_EXERCISE OBJECTIVE_
Print the listing as it stands, omitting all images.

SOURCE RECORDS START

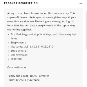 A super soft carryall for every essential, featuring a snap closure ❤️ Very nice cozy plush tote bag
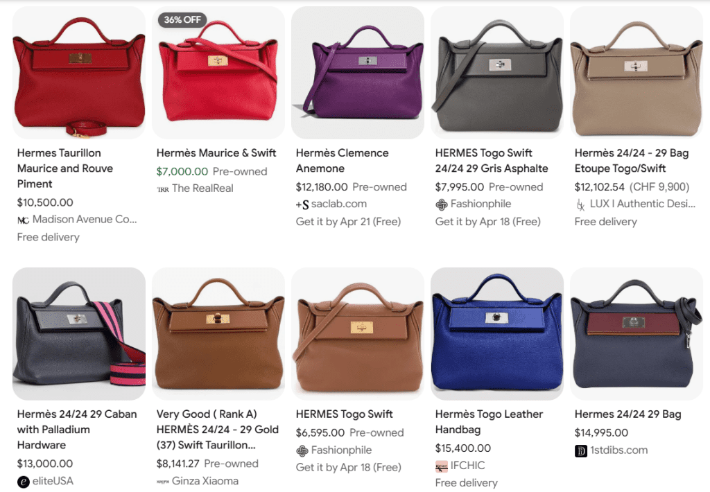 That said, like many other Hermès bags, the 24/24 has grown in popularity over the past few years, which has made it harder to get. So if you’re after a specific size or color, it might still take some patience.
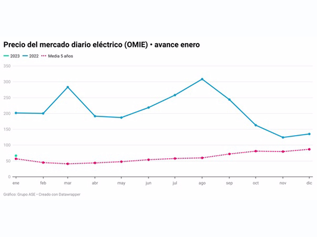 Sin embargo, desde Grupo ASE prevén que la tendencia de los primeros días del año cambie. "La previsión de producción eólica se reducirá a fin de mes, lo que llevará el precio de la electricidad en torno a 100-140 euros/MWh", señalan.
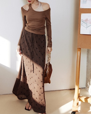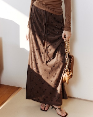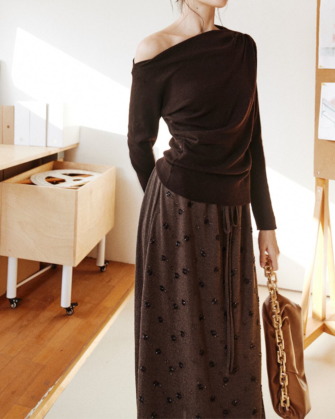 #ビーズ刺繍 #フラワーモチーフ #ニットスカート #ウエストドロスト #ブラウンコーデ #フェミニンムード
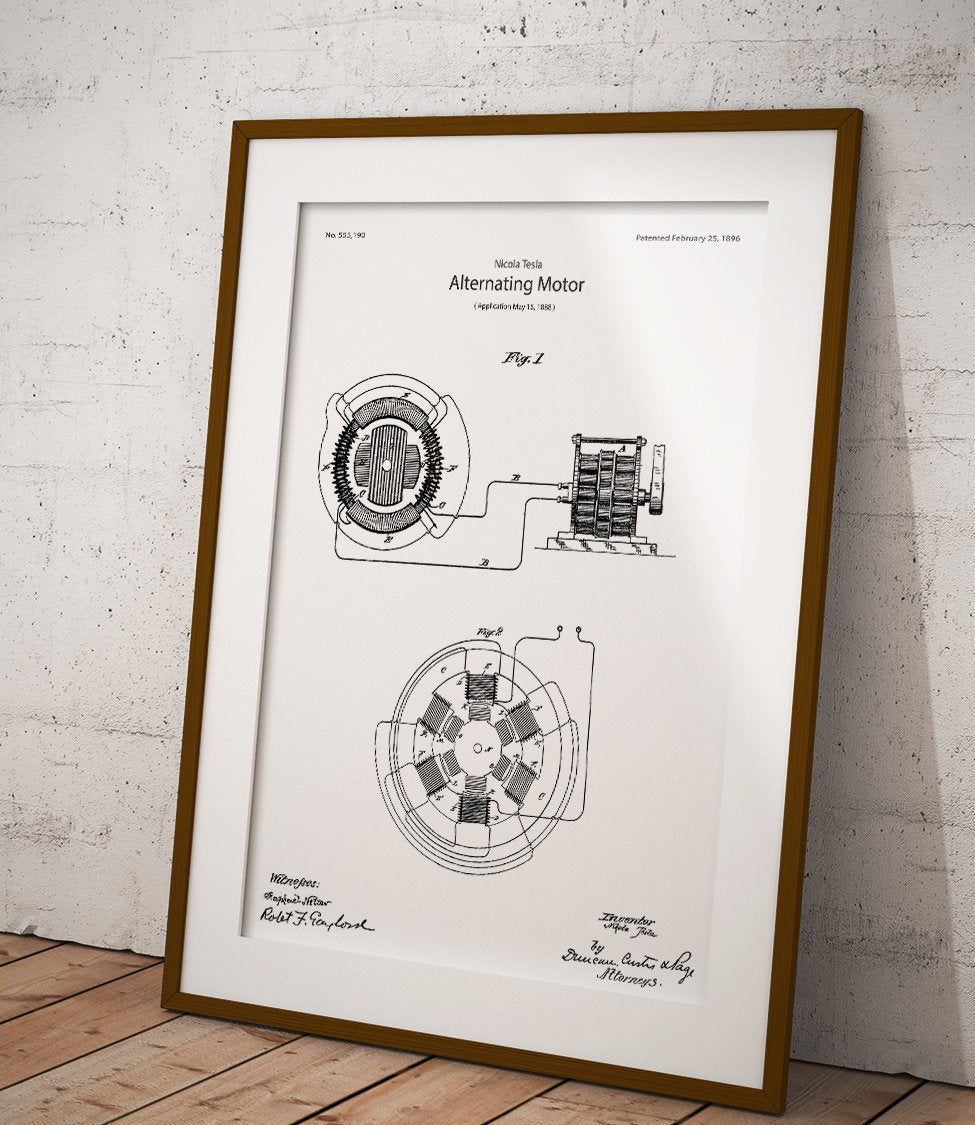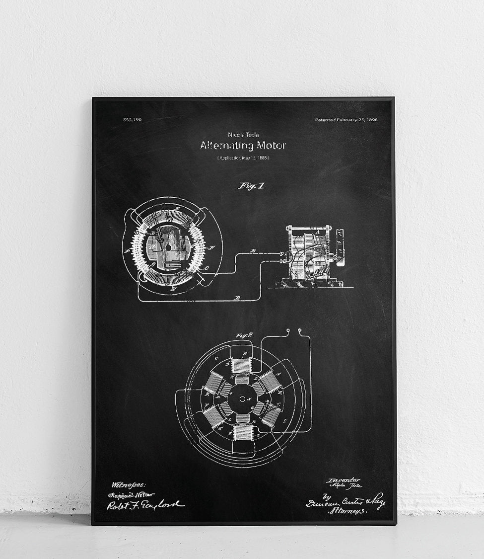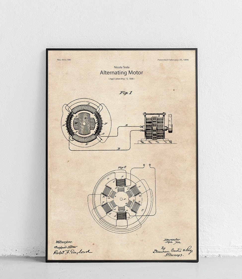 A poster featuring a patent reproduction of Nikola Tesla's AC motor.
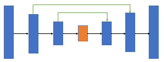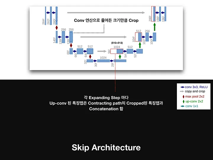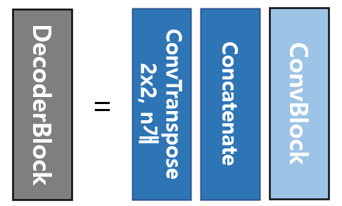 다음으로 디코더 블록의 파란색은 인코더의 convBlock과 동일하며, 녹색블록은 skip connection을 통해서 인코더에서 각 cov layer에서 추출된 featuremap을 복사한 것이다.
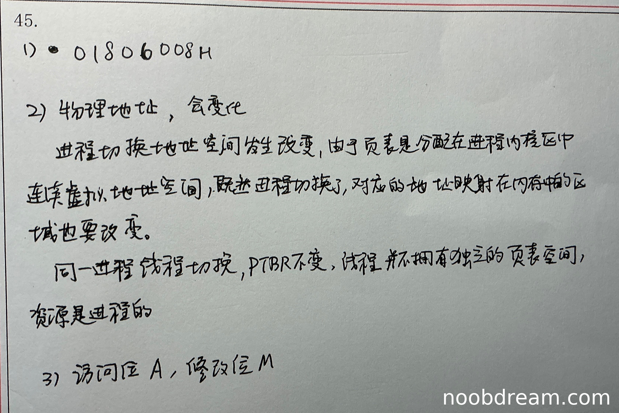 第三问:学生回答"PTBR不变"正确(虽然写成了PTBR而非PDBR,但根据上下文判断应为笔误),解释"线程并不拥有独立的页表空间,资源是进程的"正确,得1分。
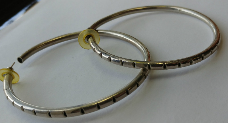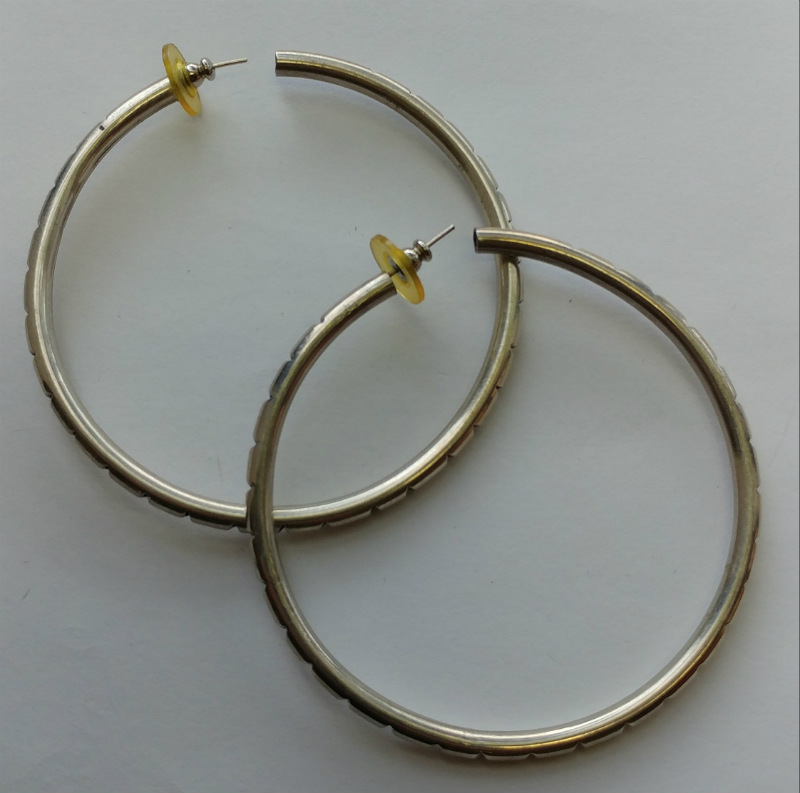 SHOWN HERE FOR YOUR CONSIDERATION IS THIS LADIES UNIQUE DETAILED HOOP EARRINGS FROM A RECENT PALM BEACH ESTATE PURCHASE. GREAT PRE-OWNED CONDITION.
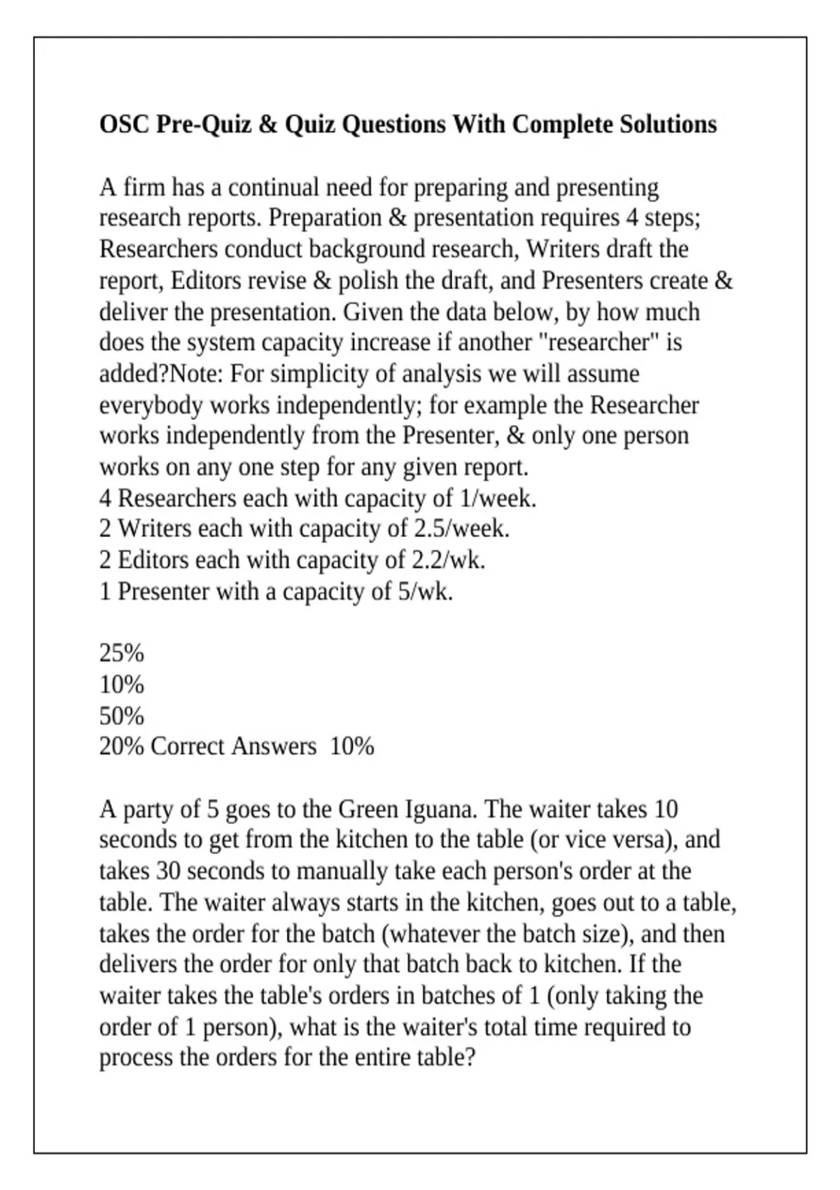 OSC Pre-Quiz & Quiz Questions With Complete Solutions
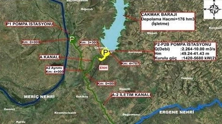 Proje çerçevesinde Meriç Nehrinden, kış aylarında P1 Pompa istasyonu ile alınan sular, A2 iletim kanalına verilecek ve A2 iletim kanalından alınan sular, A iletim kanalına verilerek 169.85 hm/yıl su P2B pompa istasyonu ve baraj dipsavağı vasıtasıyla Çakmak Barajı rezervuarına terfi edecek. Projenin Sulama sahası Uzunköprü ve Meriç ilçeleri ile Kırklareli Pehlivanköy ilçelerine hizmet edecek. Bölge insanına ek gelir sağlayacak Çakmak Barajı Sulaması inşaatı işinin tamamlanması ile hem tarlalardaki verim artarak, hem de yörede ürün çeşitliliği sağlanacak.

SOURCE RECORDS END

_EXERCISE RESULT_
 A super soft carryall for every essential, featuring a snap closure ❤️ Very nice cozy plush tote bag
 That said, like many other Hermès bags, the 24/24 has grown in popularity over the past few years, which has made it harder to get. So if you’re after a specific size or color, it might still take some patience.
 Sin embargo, desde Grupo ASE prevén que la tendencia de los primeros días del año cambie. "La previsión de producción eólica se reducirá a fin de mes, lo que llevará el precio de la electricidad en torno a 100-140 euros/MWh", señalan.
 #ビーズ刺繍 #フラワーモチーフ #ニットスカート #ウエストドロスト #ブラウンコーデ #フェミニンムード
 A poster featuring a patent reproduction of Nikola Tesla's AC motor.
 다음으로 디코더 블록의 파란색은 인코더의 convBlock과 동일하며, 녹색블록은 skip connection을 통해서 인코더에서 각 cov layer에서 추출된 featuremap을 복사한 것이다.
 第三问:学生回答"PTBR不变"正确(虽然写成了PTBR而非PDBR,但根据上下文判断应为笔误),解释"线程并不拥有独立的页表空间,资源是进程的"正确,得1分。
 SHOWN HERE FOR YOUR CONSIDERATION IS THIS LADIES UNIQUE DETAILED HOOP EARRINGS FROM A RECENT PALM BEACH ESTATE PURCHASE. GREAT PRE-OWNED CONDITION.
 OSC Pre-Quiz & Quiz Questions With Complete Solutions
 Proje çerçevesinde Meriç Nehrinden, kış aylarında P1 Pompa istasyonu ile alınan sular, A2 iletim kanalına verilecek ve A2 iletim kanalından alınan sular, A iletim kanalına verilerek 169.85 hm/yıl su P2B pompa istasyonu ve baraj dipsavağı vasıtasıyla Çakmak Barajı rezervuarına terfi edecek. Projenin Sulama sahası Uzunköprü ve Meriç ilçeleri ile Kırklareli Pehlivanköy ilçelerine hizmet edecek. Bölge insanına ek gelir sağlayacak Çakmak Barajı Sulaması inşaatı işinin tamamlanması ile hem tarlalardaki verim artarak, hem de yörede ürün çeşitliliği sağlanacak.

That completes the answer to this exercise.